C’è chi è portato di natura per ricordare le date. C’è chi tiene ai compleanni più che a ogni altra festa comandata dal calendario. Ma ci sono compleanni che abbiamo dentro e altri cui si dà meno peso. Sarà perché cade il primo giorno di primavera, sarà perché lui è lui – prima, durante e dopo – ma stanotte, nel cuore della notte, il mio pensiero è stato: oggi è il tuo compleanno, Ayrton.
Non ho avuto la fortuna di conoscerlo, sono arrivata “dopo”, e il mio primo GP dal vivo è stato proprio a Imola, intrisa di lui. Ci sono posti che conservano l’energia di chi li ha abitati, calpestati, respirati, vissuti: Imola, come Monza, è carica, la si percepisce, ci entra dentro. Ayrton non è al Tamburello, non è in quella statua, è ovunque.
Ayrton è oltre i numeri, le vittorie, i Titoli, è la grinta, lo stile, oltre i limiti.
Ayrton è un giorno, al lago, davanti alla TV. Di quel giorno non conservo ricordo, eppure ero lì, ho visto, ho cancellato, come poche altre volte nella vita.
Ayrton è l’amico e collega Leo Turrini, che me lo racconta, com’era davvero, in un tardo pomeriggio nel parcheggio del circuito di Imola.
Ayrton è quell’urlo che ancora risuona nelle orecchie, e la fatica, il dolore, le lacrime sul podio di Interlagos.
Ayrton è, al GP del Bahrain 2004, essere seduta davanti a Ron Dennis mentre parla del loro tempo insieme, della loro amicizia vera, e sai che è così perché sono gli occhi a dirlo.

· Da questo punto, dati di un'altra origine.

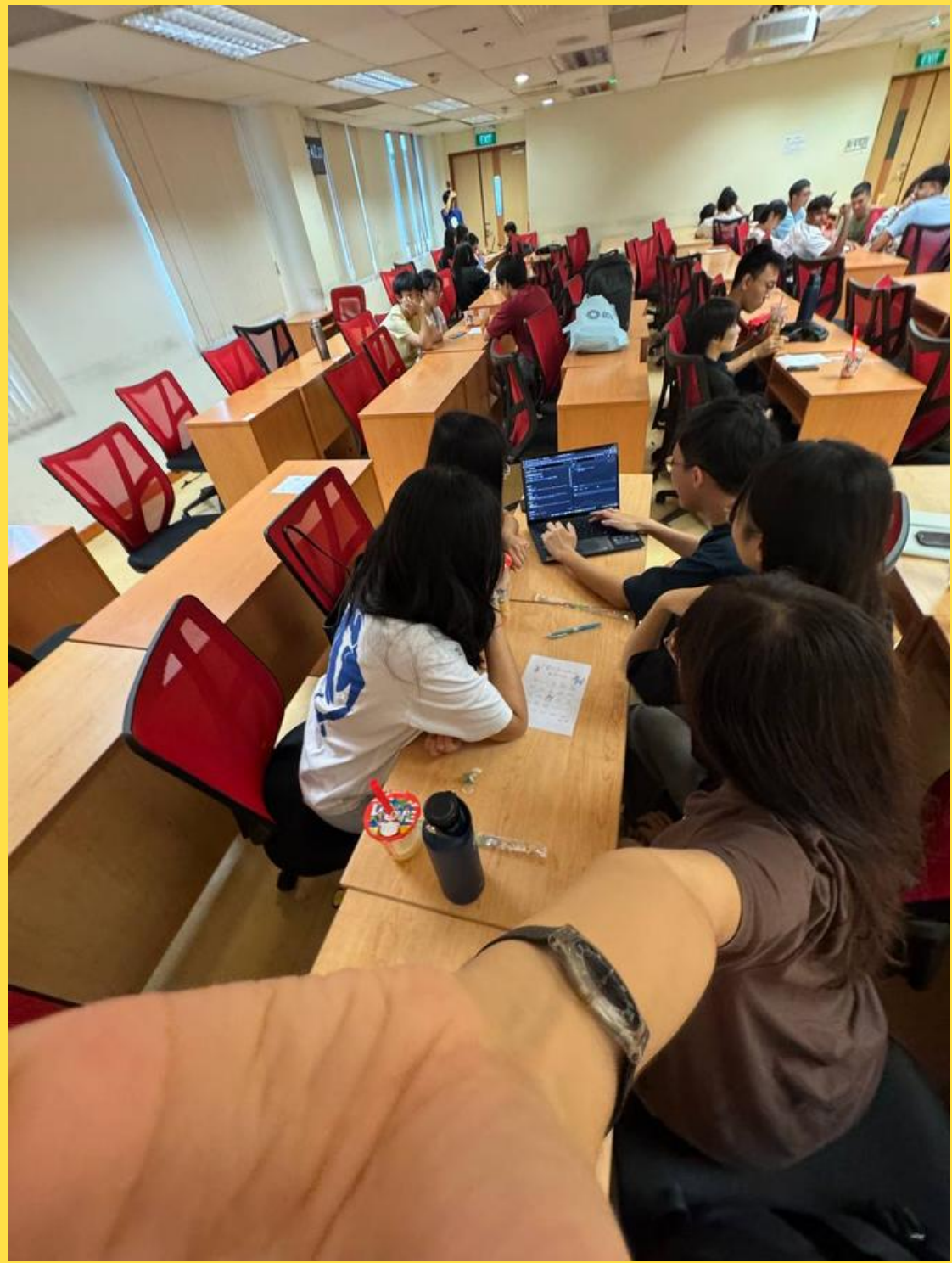
Doing LeetCode together! Playing foosball at PitStop@COM! COMaraderie 2026
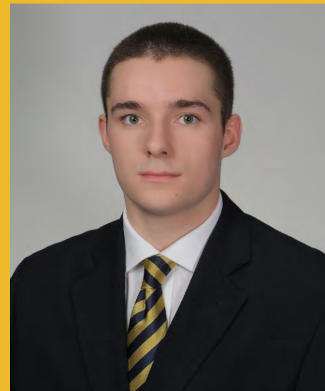
Policy Studies Silver Spring, MD
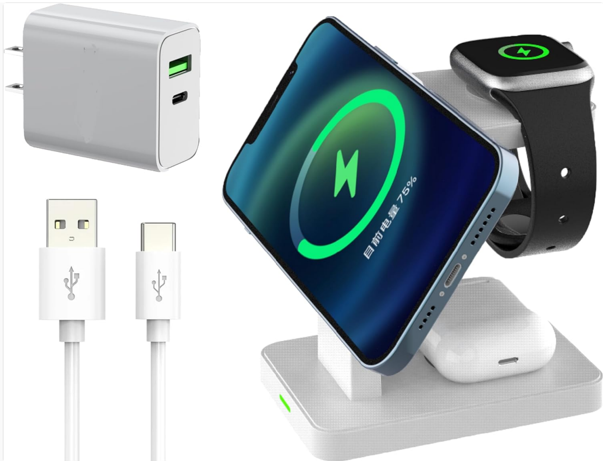
Image: The Brookstone 3-in-1 Wireless Charging Station shown with its included 18W wall charger and USB-C cable.
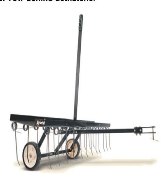
Figure I-2 TBLGs: Tow-behind dethatcher
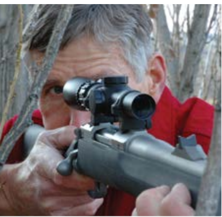
Short, lightweight, low-power scopes keep the rifle’s balance low between your hands, to point fast.

A hunting scope should help you aim quickly and accurately without thinking. Its full field must come to eye as you cheek the rifle. Weight that impairs rifle handling and adjustments that pull your focus from the target will only cause you to miss your chance. ■
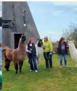
Cedar Valley West Bend, WI
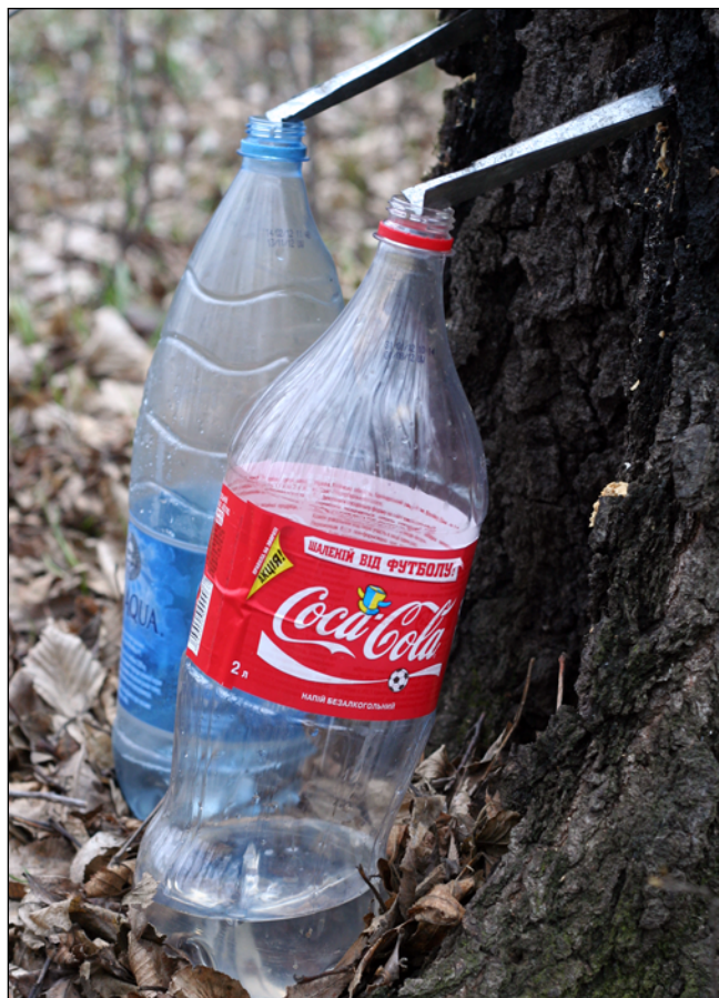
Fig. 5 All over Ukraine birch sap is collected into reused plastic bottles, Vinnytsia Oblast, 2012.

Nobleman Johann Weikhard von Valvasor describes in his famous “Die Ehre deß Hertzogthums Crain” [140] from Carniola that a healthy beverage was made of the birch sap. Birch sap was still gathered around Logatec in Inner Carniola
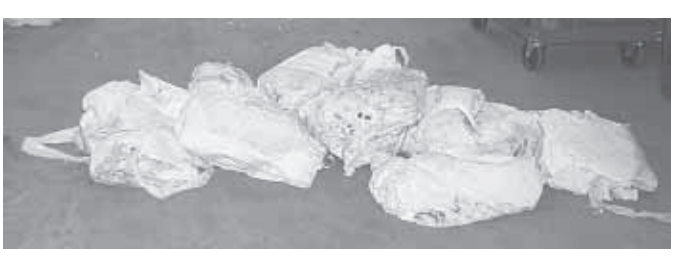
Waste plastic from silage bags is turned into plastic lumber called "Baleboard".

Contact: FARM SHOW Followup, Ben Hoffman, 103 Storer Rd., Bradford, Maine 327-1064; 04410 (ph 207 bennmeh@earthlink.net).
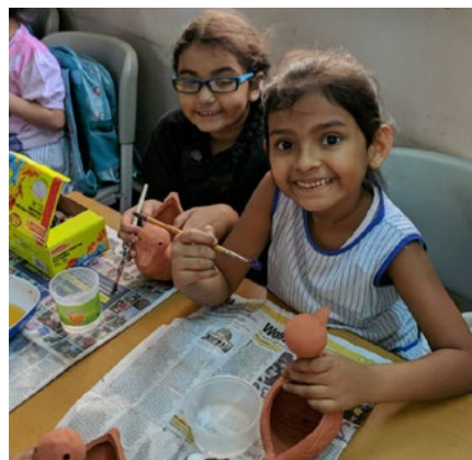
Painting pots to grow our own plants
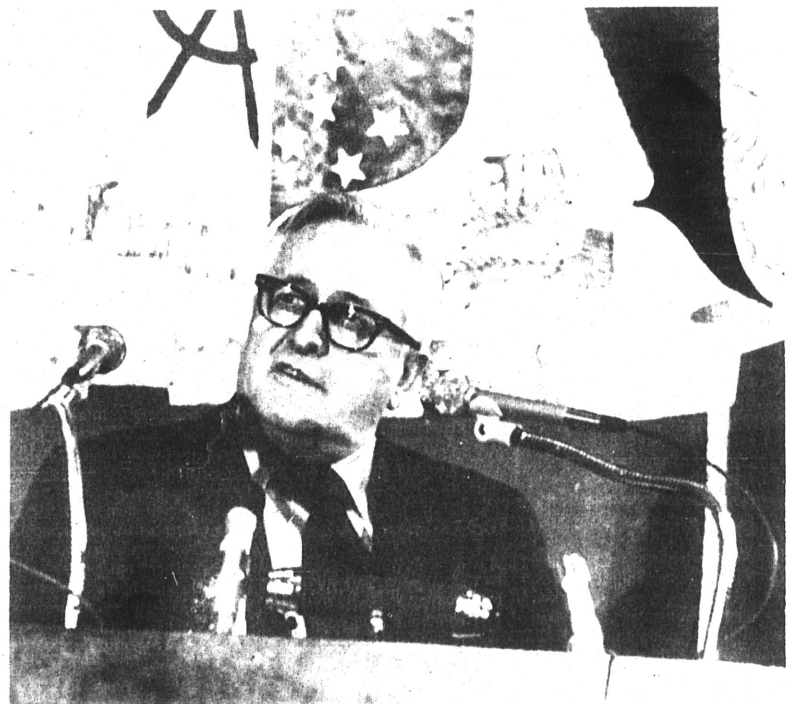
KEYNOTE SPEAKER —Alaska Governor William A. Egan delivered the opening remarks on the first day of the AFN Convention on Dec. 20. Egan said that he was proud to be in Anchorage and that he was proud to be in Alaska.
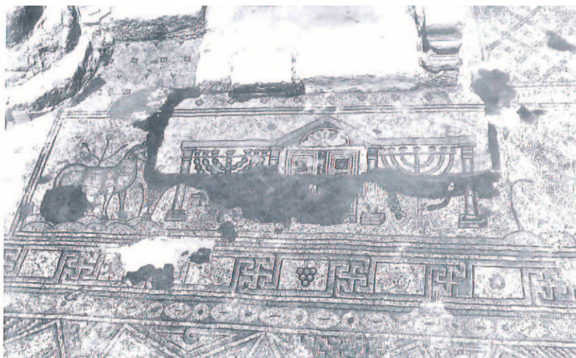
Figure 11. Susiya synagogue mosaic of Torah ark/Temple entrance.
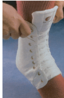
ankle support with lace
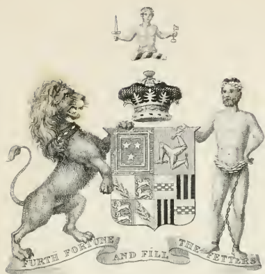
Murray Duke of Atholl
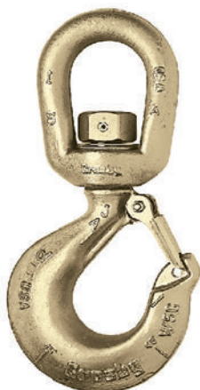
S-322CN / AN (L-322AN Shown)
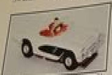
1940 Corvette convertible

Color: Black, Blue, Dark Green, Light Green, Maroon, Grey, Green, Lavender, Light Red, Wine Red, Tan, White and Ivory White. Notes: The automobile is very well equipped and is available in many colors. The body is painted black and the top is painted black. The car is very well equipped and is available in many colors. Value: White $75, Dark $45.
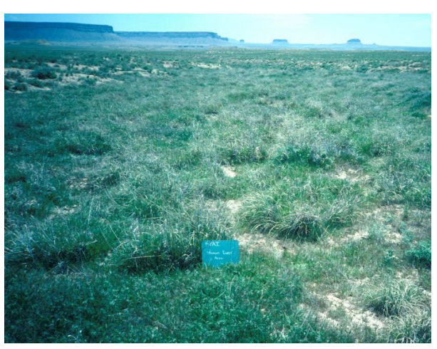
Sporobolus airoides Herbaceous Vegetation
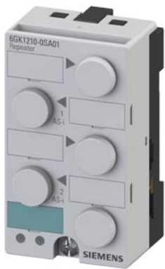
SIMATIC NET, Repeater for AS-Interface for cable extension in K45 enclosure
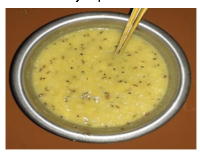
Figure 7. Khichdi.
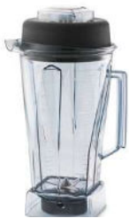
2.0 L Standard Container with Lid and Blade Assembly
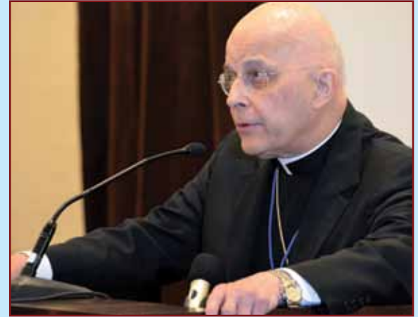
Francis Cardinal George, O.M.I., Archbishop of Chicago, delivers a talk on Globalization and Catholic Social Thought at downtown conference on “Toward a Moral Economy” (May 24th)

“Let people of good will collaborate in developing and humanizing our global world so that it be worthy of the One who created it and saw that it was good.”
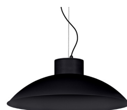
02: RAL 9005 Jet Black textured

Ayrton è fotografie, quelle da sempre accanto alla mia scrivania: le risate di due ragazzi normali, lui e Michele, sul podio a fare casino e spararsi champagne; il sorriso al termine delle qualifiche con la tuta McLaren abbassata; gli occhi attraverso la visiera; la prima vittoria, in una foto in bianco e nero, con la Lotus.
Ayrton è quel giorno nel racconto di Michele, vedere quell’elicottero che si alza dalla pista, percepire il dolore, vivere quel volo da Monaco al Brasile, per riaccompagnarlo a casa, con Boutsen, Fittipaldi, Prost.
Ayrton è la forza di chi affronta a muso duro il giovane Schumacher perché così non si fa…
Ayrton è quella magia, quel carisma che solo pochi posseggono, quelli per cui sarebbe stato speciale ancora oggi. Lo festeggeremmo comunque il suo compleanno, anche senza quel 1° maggio.
Ayrton è arrivare a San Paolo e rompere le scatole fino allo stremo a un collega per andare subito a Morumbi, arrivare, comprare una stella di Natale bianca e, senza alcuna indicazione, capire di dover andare verso quell’albero e non un altro.
È fare giusto due foto (che pubblico per la prima volta) ma sentire che non servono. E sedersi sul prato e ascoltare. In un silenzio che ha dell’irreale, nel cuore di una metropoli che è rumore 24 ore su 24, ma non lì.
Ayrton è un pugno nello stomaco. Quello che… quel pomeriggio al lago non lo ricordo ma c’è.
Ayrton è i suoi bambini, la sua Fondazione che continua.
Ayrton è quello che non c’è bisogno di un adesivo su una macchina o di un doodle o di un evento per ricordarlo. Perché Ayrton è Ayrton. Saudade e colore. Come la primavera. Dentro a ognuno di noi.